Calculate the change in enthalpy, ΔH in joules (J) for the reaction below carried out at constant pressure of 11.1 atm at a volume of -2.3 m3 with internal energy of -90.9 kJ.
N2 +3H2 → 2NH3 ΔH = ?
-64.4 x 103 J
-116.4 x 103 J
+116.43 J
+ 64.4 J
The calculation involves using the equation:
ΔH = ΔE + PΔV
where ΔE is the change in internal energy, P is the constant pressure, and ΔV is the change in volume.

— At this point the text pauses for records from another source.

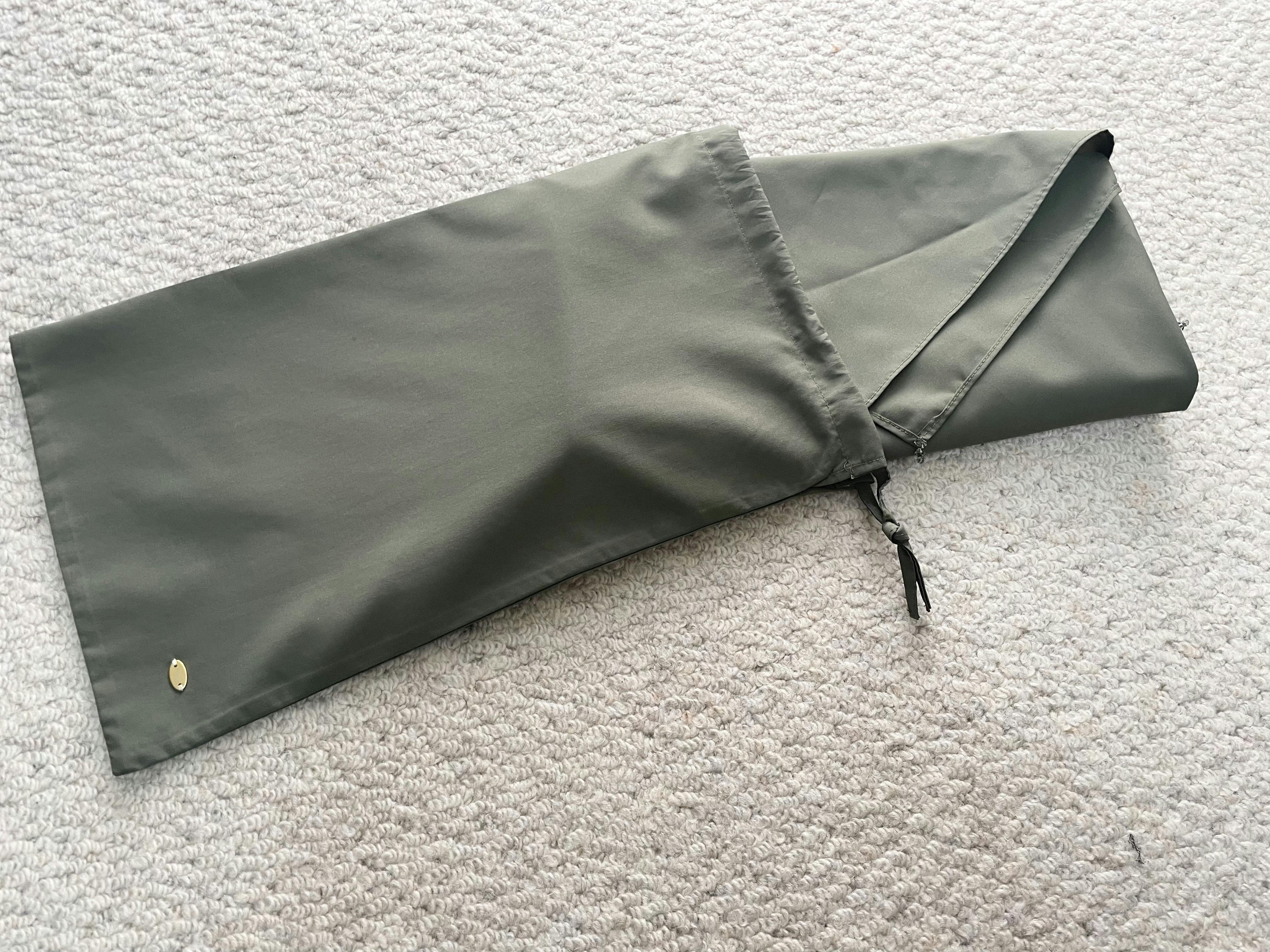 着用しないときは、折りたたんで付属の巾着袋に収納することができ、持ち歩きにも便利です。
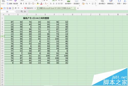 6、按“ctrl+v”粘贴,空白表格中实现随机产生1至100之间的整数,如图所示;
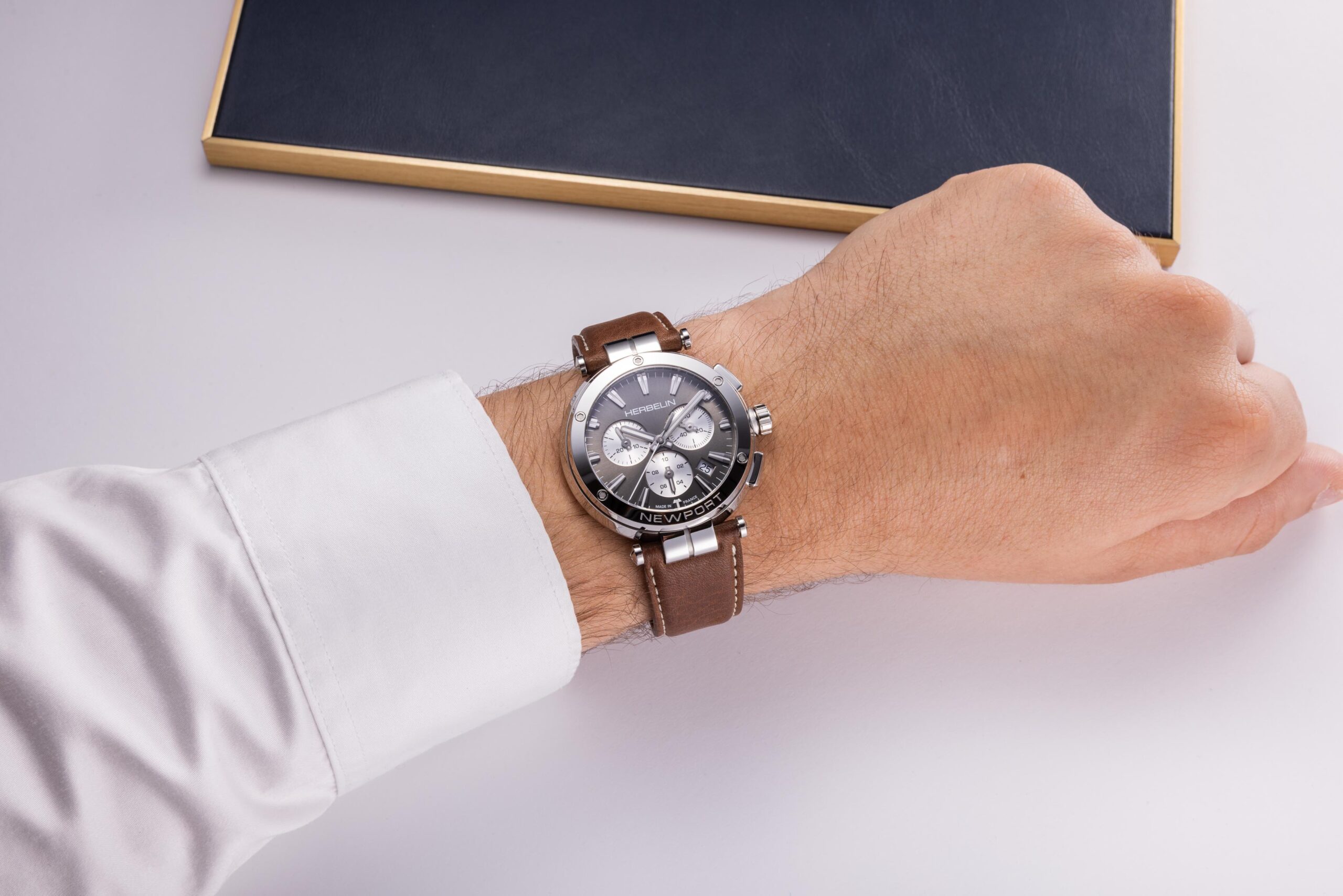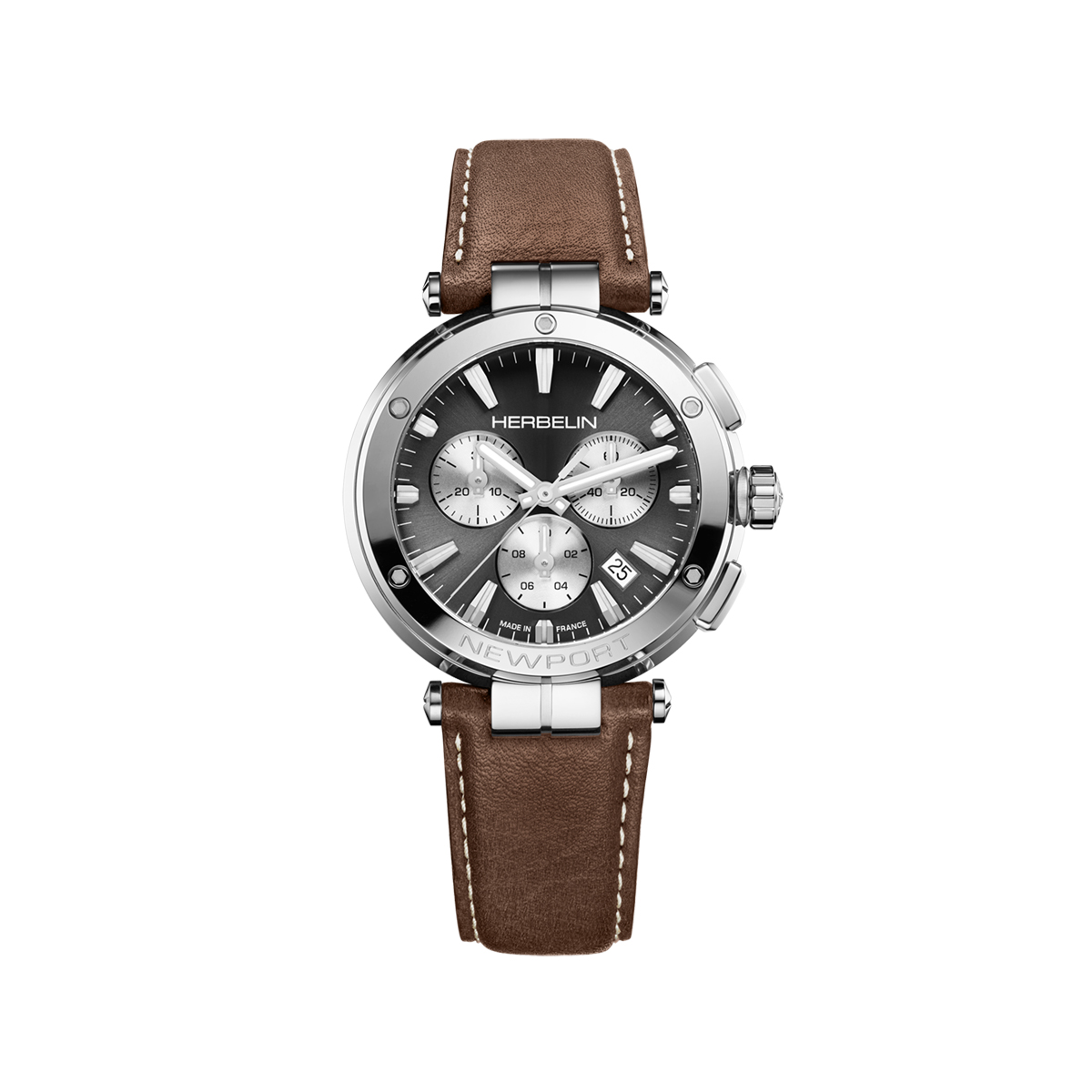 NEWPORT CHRONOGRAPHE GRIS, BLANC & CUIR BRUN

First, we need to convert the internal energy from kilojoules to joules:
ΔE = -90.9 kJ = -90.9 x 10^3 J
Next, we need to calculate the value of ΔV. The given volume of -2.3 m^3 suggests that there has been a decrease in volume, which means that ΔV is negative:
ΔV = -2.3 m^3
Now we can substitute these values into the equation and solve for ΔH:
ΔH = ΔE + PΔV
ΔH = -90.9 x 10^3 J + (11.1 atm)(-2.3 m^3)
ΔH = -90.9 x 10^3 J - 25.53 x 10^3 J
ΔH = -116.43 x 10^3 J
Therefore, the change in enthalpy for the given reaction at constant pressure is -116.4 x 10^3 J. The answer is B.
To calculate the change in enthalpy (ΔH) for the given reaction, you need to use the equation:
ΔH = ΔU + PΔV
Where:
ΔH = change in enthalpy
ΔU = change in internal energy
P = pressure
ΔV = change in volume
Given data:
ΔU = -90.9 kJ = -90.9 x 10^3 J (converted to joules)
P = 11.1 atm
ΔV = -2.3 m^3
First, let's convert the pressure from atm to Pa (Pascal):
1 atm = 101325 Pa
11.1 atm = 11.1 x 101325 Pa = 1.124275 x 10^6 Pa
Now, let's calculate the change in enthalpy using the equation:
ΔH = ΔU + PΔV
ΔH = -90.9 x 10^3 J + (1.124275 x 10^6 Pa x -2.3 m^3)
Calculating:
ΔH = -90.9 x 10^3 J + (-2.584℗251 x 10^6 J)
ΔH ≈ -90.9 x 10^3 J - 2.584 x 10^6 J
ΔH ≈ -2.6749 x 10^6 J
So the change in enthalpy, ΔH, is approximately -2.6749 x 10^6 J.